TASK TO CARRY OUT: What is needed is an exact copy of the data below, pictures excluded.

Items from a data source
++++++++++++++++++++
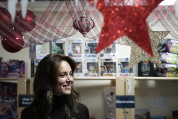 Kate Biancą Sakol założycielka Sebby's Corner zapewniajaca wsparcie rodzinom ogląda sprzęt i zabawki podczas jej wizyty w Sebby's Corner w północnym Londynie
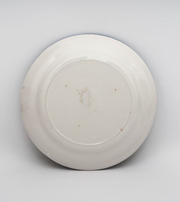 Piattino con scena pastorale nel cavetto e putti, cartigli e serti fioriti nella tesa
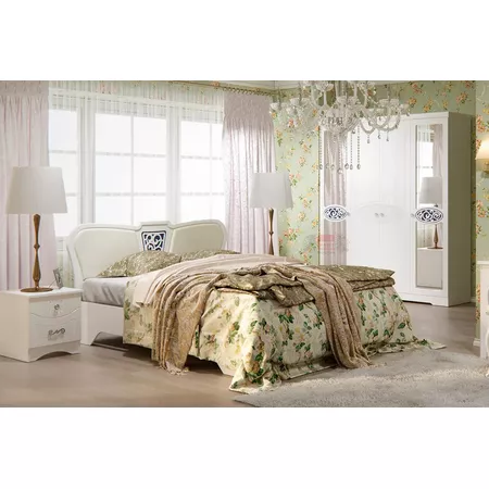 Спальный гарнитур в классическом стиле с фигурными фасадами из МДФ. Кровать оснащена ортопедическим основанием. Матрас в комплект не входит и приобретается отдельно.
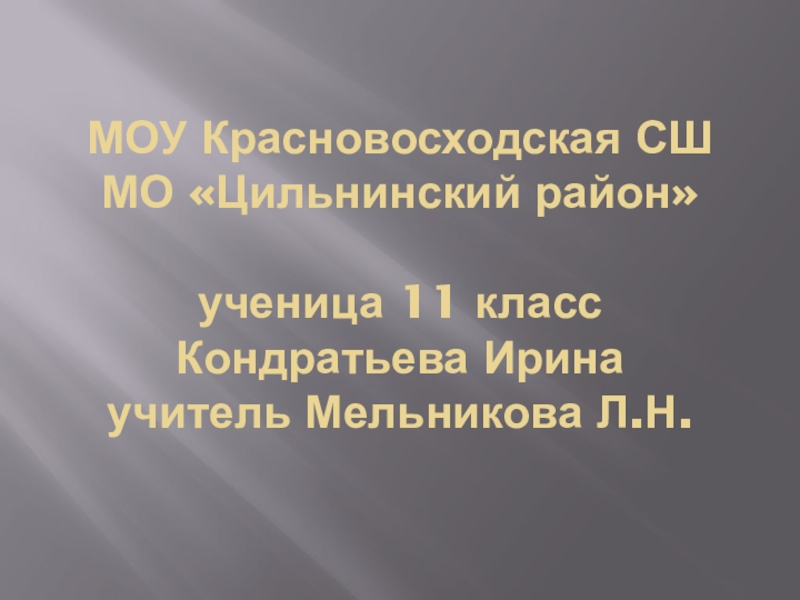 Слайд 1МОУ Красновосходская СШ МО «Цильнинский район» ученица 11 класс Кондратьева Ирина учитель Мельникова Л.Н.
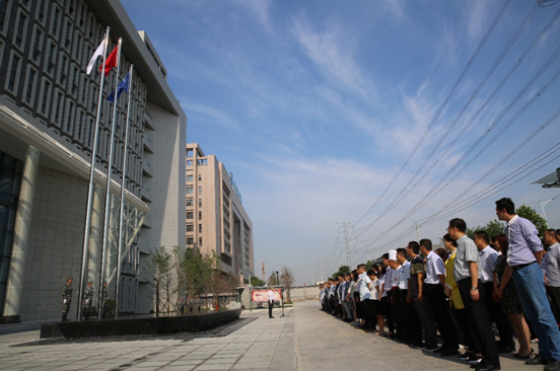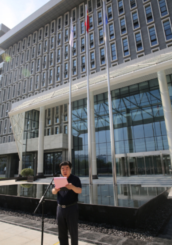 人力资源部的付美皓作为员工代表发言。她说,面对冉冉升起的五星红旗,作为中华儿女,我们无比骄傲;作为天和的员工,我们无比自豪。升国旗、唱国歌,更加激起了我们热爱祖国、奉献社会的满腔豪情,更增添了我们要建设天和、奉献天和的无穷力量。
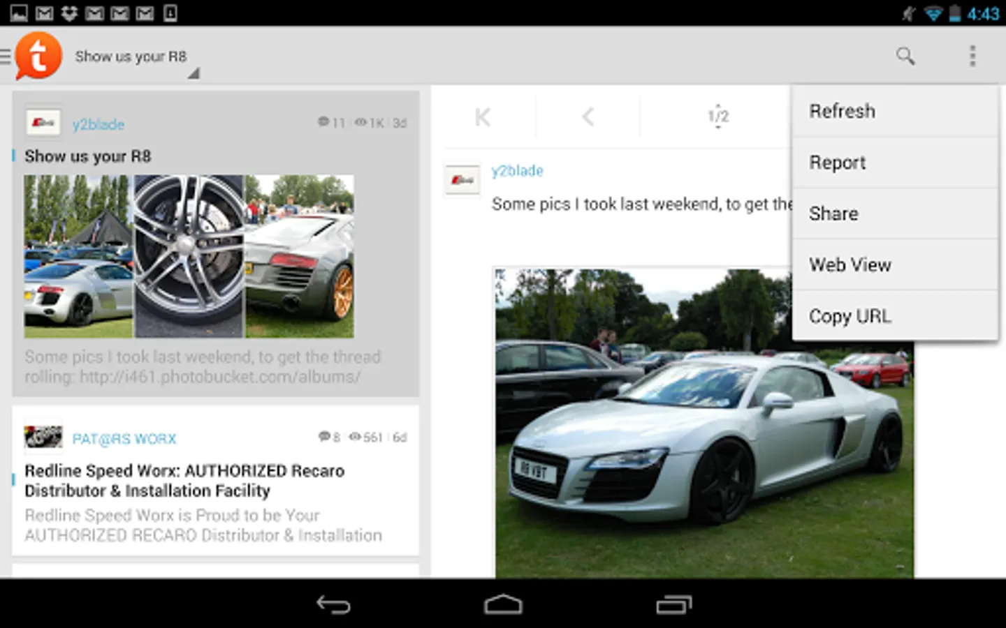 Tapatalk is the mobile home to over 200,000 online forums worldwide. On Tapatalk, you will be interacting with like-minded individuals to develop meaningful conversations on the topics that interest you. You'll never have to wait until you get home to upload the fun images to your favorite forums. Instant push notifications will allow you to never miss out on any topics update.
++++++++++++++++++++
ANSWER TO THE EXERCISE:
 Kate Biancą Sakol założycielka Sebby's Corner zapewniajaca wsparcie rodzinom ogląda sprzęt i zabawki podczas jej wizyty w Sebby's Corner w północnym Londynie
 Piattino con scena pastorale nel cavetto e putti, cartigli e serti fioriti nella tesa
 Спальный гарнитур в классическом стиле с фигурными фасадами из МДФ. Кровать оснащена ортопедическим основанием. Матрас в комплект не входит и приобретается отдельно.
 Слайд 1МОУ Красновосходская СШ МО «Цильнинский район» ученица 11 класс Кондратьева Ирина учитель Мельникова Л.Н.
 人力资源部的付美皓作为员工代表发言。她说,面对冉冉升起的五星红旗,作为中华儿女,我们无比骄傲;作为天和的员工,我们无比自豪。升国旗、唱国歌,更加激起了我们热爱祖国、奉献社会的满腔豪情,更增添了我们要建设天和、奉献天和的无穷力量。
 Tapatalk is the mobile home to over 200,000 online forums worldwide. On Tapatalk, you will be interacting with like-minded individuals to develop meaningful conversations on the topics that interest you. You'll never have to wait until you get home to upload the fun images to your favorite forums. Instant push notifications will allow you to never miss out on any topics update.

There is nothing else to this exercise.